We employed a broadly tunable pulsed external cavity (EC)-QC laser with a spectral tuning range from 1030 cm-1 to 1230 cm-1 and a tuning speed of 166 cm-1/s for direct absorption spectroscopy of aqueous solutions. The laser offered spectral power densities of up to four orders of magnitude higher than available with a conventional FTIR spectrometer. Therefore, a portable demonstration system with a large optical path length transmission flow cell (165 μm) could be realized preventing clogging of the flow cell. In pulsed mode an EC-QC laser provides significantly higher peak power levels than in continuous-wave mode, but pulse-to-pulse intensity variations, intra-pulse mode hops and mechanical imperfections of the scanning mechanism significantly impair the quality of resulting absorbance spectra. This article reports on measures which we found appropriate to reduce the initially high noise level of EC-QC laser absorbance spectra. These measures include a spectral self-referencing algorithm that makes use of the inherent structure of the EC-QC lasers gain curve to correct laser instabilities, as well as Fourier filtering, among others. This enabled us to derive infrared spectra which were finally useful for quantitative analysis in blood plasma samples. Finally, with the appropriate measures in place and using partial least squares regression analysis it was possible to simultaneously quantify 6 blood analytes from a single physical measurement of a 200 μL blood sample. This proves the potential of EC-QC lasers for practical application in clinical point of care analysis.

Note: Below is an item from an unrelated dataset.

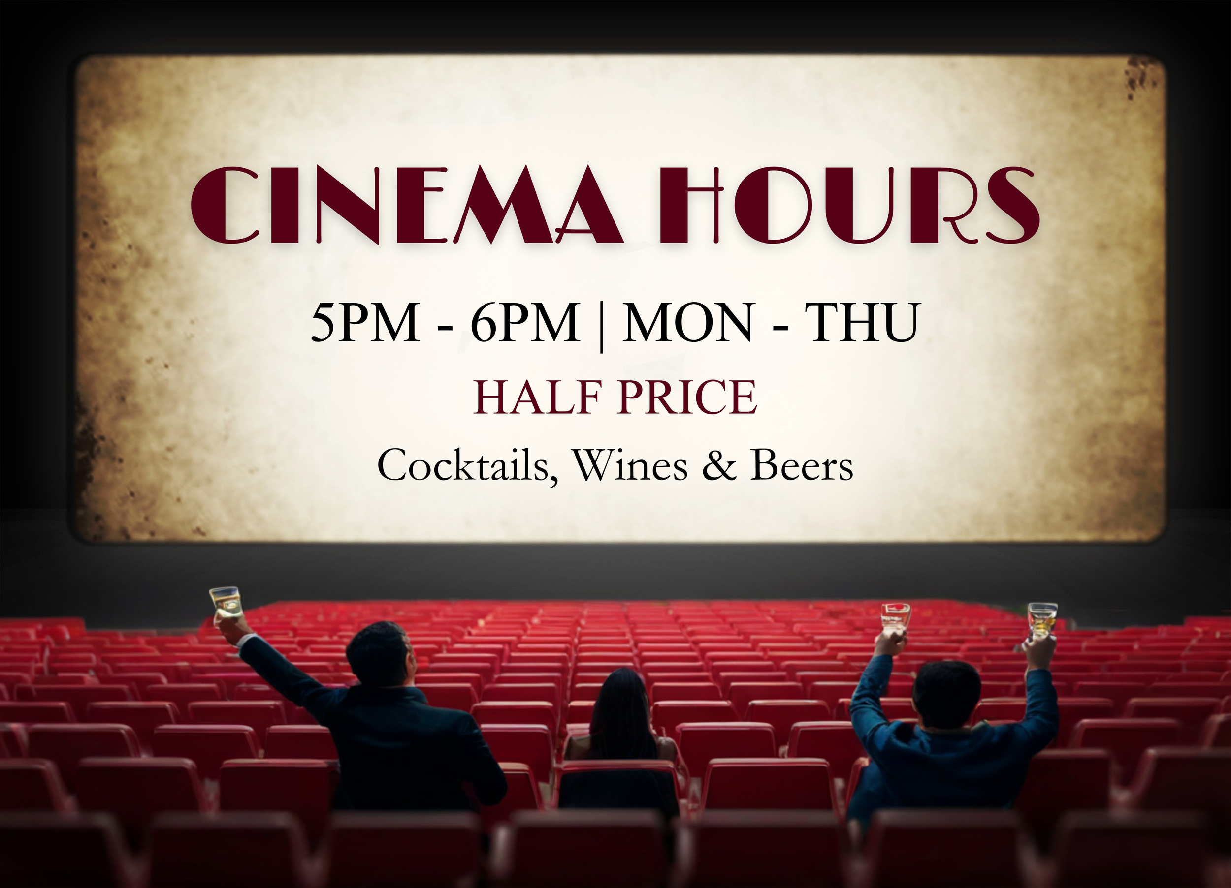Grab a cocktail, beer or wine by the glass before the clock hits 6pm — no extensions, no excuses! -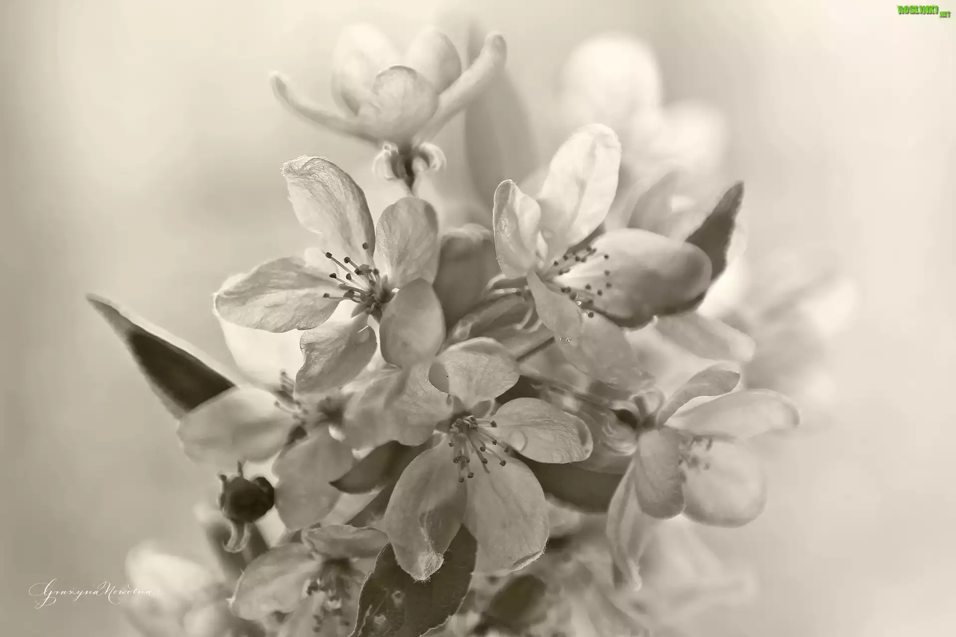 Kwiaty, Drzewo, Owocowe, Czarno - Białe

Mid-Infrared Standoff Spectroscopy Using a Supercontinuum Laser with Compact Fabry–Pérot Filter Spectrometers:

Mid-infrared (MIR) supercontinuum (SC) lasers are an attractive new option in the field of IR spectroscopy, especially for standoff detection. Supercontinuum radiation unites high brightness, high spatial coherence, and broadband spectral coverage, thereby surpassing thermal IR sources and challenging quantum cascade lasers. The employed SC source operates in the spectral region of 1.2–4.6 µm, filling the spectral gap where quantum cascade lasers lack broader availability. In this work, the SC radiation was recorded by compact Fabry–Pérot filter spectrometers ideally suited for sensitive standoff detection with real-time capability. The noise performance of the setup and measurements of different substances at standoff distances are presented, e.g., of different paints on a metal surface and an explosive precursor. Furthermore, the real-time capability of the setup is demonstrated by monitoring the evaporation of liquid 2-propanol.